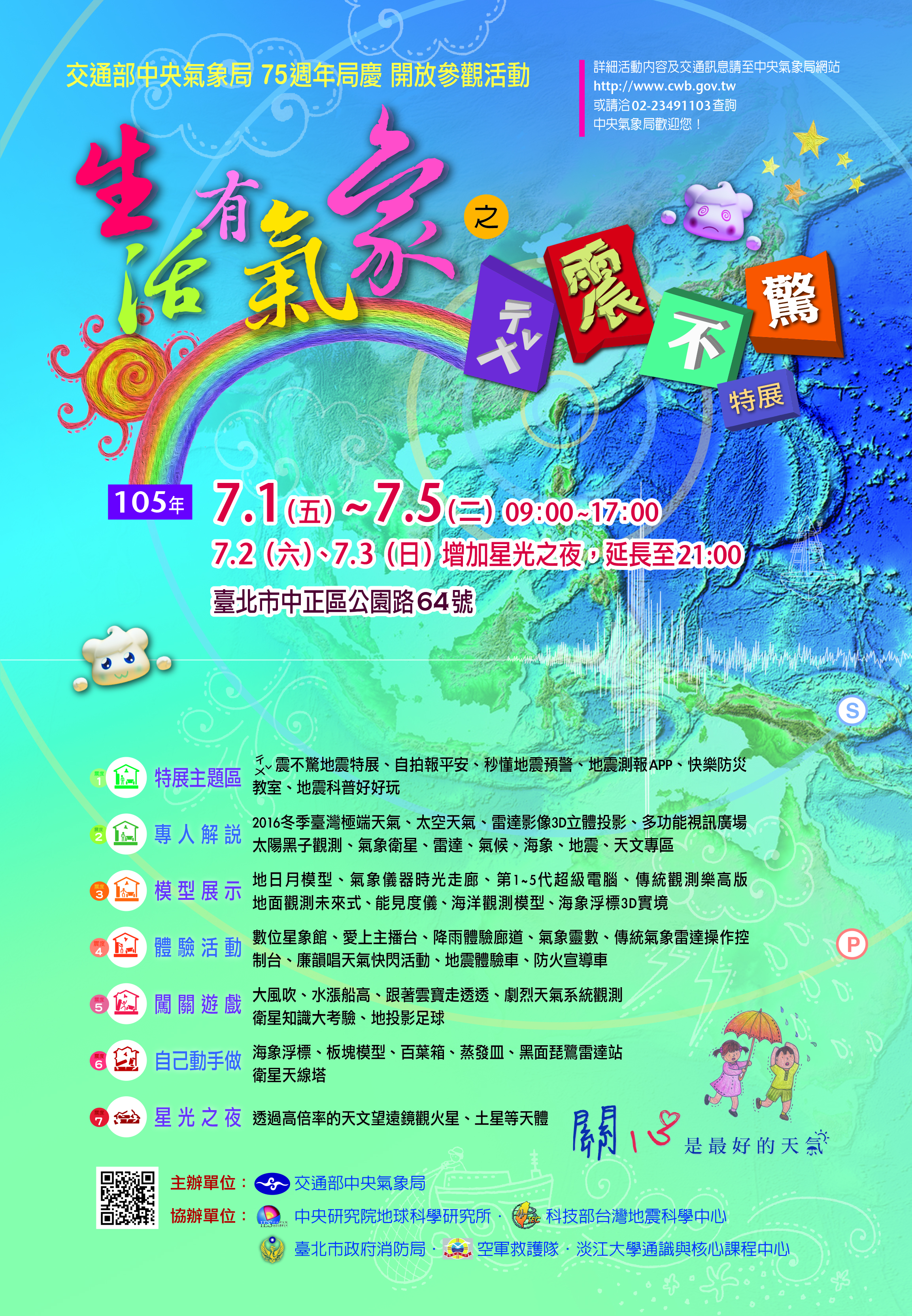 轉知中央氣象局「75週年局慶開放參觀『生活有氣象之處震不驚特展』」活動海報及導覽摺頁電子檔
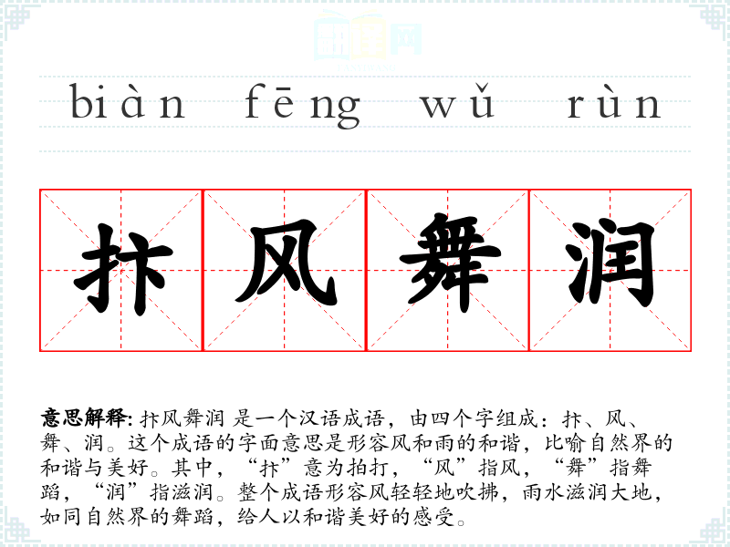 抃风舞润 这个成语的词源较为模糊,可能是由古代文人对自然景色的描绘中逐渐形成的。在古代文学作品中,类似的表达方式较为常见,如“风和日丽”、“风调雨顺”等,都是对自然和谐美的赞美。
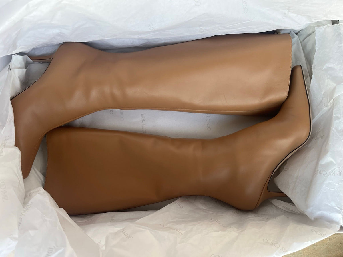 JIMMY CHOO AGATHE 85 LEATHER KNEE-HIGH BOOTS
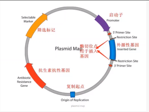1)获得所需的插入物(目的基因),目的基因可以是来自真核、原核生物的任何细胞类型的DNA或mRNA,也可以是实验室直接合成的。通过PCR、酶切等技术将基因组DNA或cDNA(通过mRNA体外逆转录合成cDNA)中分离得到一段含有目的基因的DNA序列,通过产物纯化后连接到线性化的载体上。关于载体一般常用到的是质粒载体,它是一种小型环状DNA分子—在基因工程中作为最常用,最简单的载体。与天然质粒相比,质粒载体通常带有一个或一个以上的选择性标记基因(如抗生素抗性基因)和一个人工合成的含有多个限制性内切酶识别位点的多克隆位点序列,并去掉了大部分非必需序列,使分子量尽可能减少,以便于基因工程操作。通过用相同的限制性内切酶(例如EcoRI等)切割载体DNA和外源DNA(目的基因),使切割后载体与外源DNA产生末端相容的构型。将载体和制备的目的DNA混合在DNA连接酶作用下进行连接反应,从而完成了重组DNA的构建。
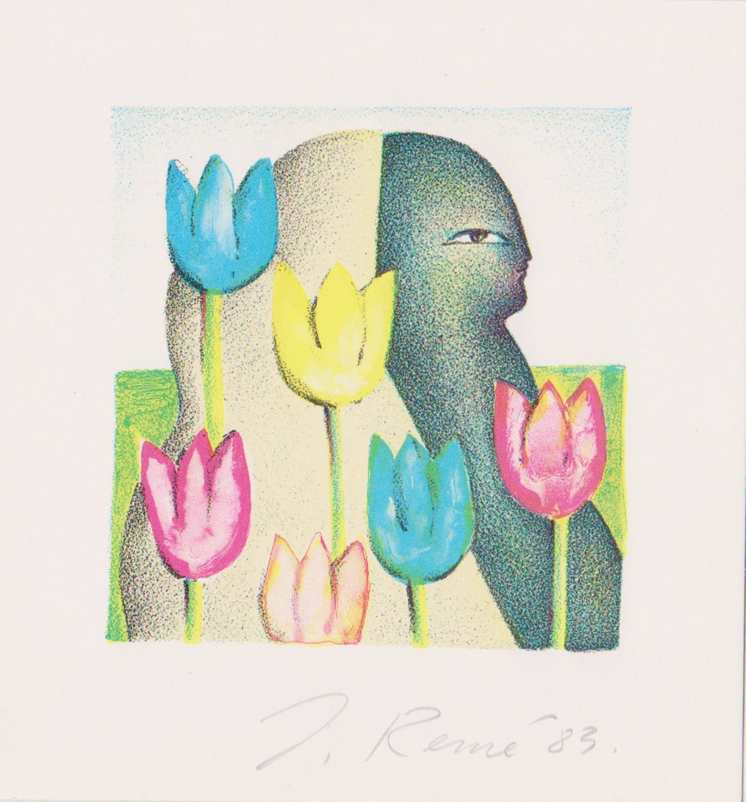 Fraaie handgesigneerde lithografie van Jorg Reme (1983). Titel: Figuur met Tulpen. Afmetingen: 15 x 14 cm.

========================

→ WHAT YOU SHOULD DO: Take the material above from the line containing "JIMMY CHOO AGATHE 85 LEATHER KNEE-HIGH BOOTS" up to and including the line containing "1)获得所需的插入物(目的基" and retype it exactly, without any pictures.

→ RESULT OF THIS TASK:
 JIMMY CHOO AGATHE 85 LEATHER KNEE-HIGH BOOTS
1)获得所需的插入物(目的基因),目的基因可以是来自真核、原核生物的任何细胞类型的DNA或mRNA,也可以是实验室直接合成的。通过PCR、酶切等技术将基因组DNA或cDNA(通过mRNA体外逆转录合成cDNA)中分离得到一段含有目的基因的DNA序列,通过产物纯化后连接到线性化的载体上。关于载体一般常用到的是质粒载体,它是一种小型环状DNA分子—在基因工程中作为最常用,最简单的载体。与天然质粒相比,质粒载体通常带有一个或一个以上的选择性标记基因(如抗生素抗性基因)和一个人工合成的含有多个限制性内切酶识别位点的多克隆位点序列,并去掉了大部分非必需序列,使分子量尽可能减少,以便于基因工程操作。通过用相同的限制性内切酶(例如EcoRI等)切割载体DNA和外源DNA(目的基因),使切割后载体与外源DNA产生末端相容的构型。将载体和制备的目的DNA混合在DNA连接酶作用下进行连接反应,从而完成了重组DNA的构建。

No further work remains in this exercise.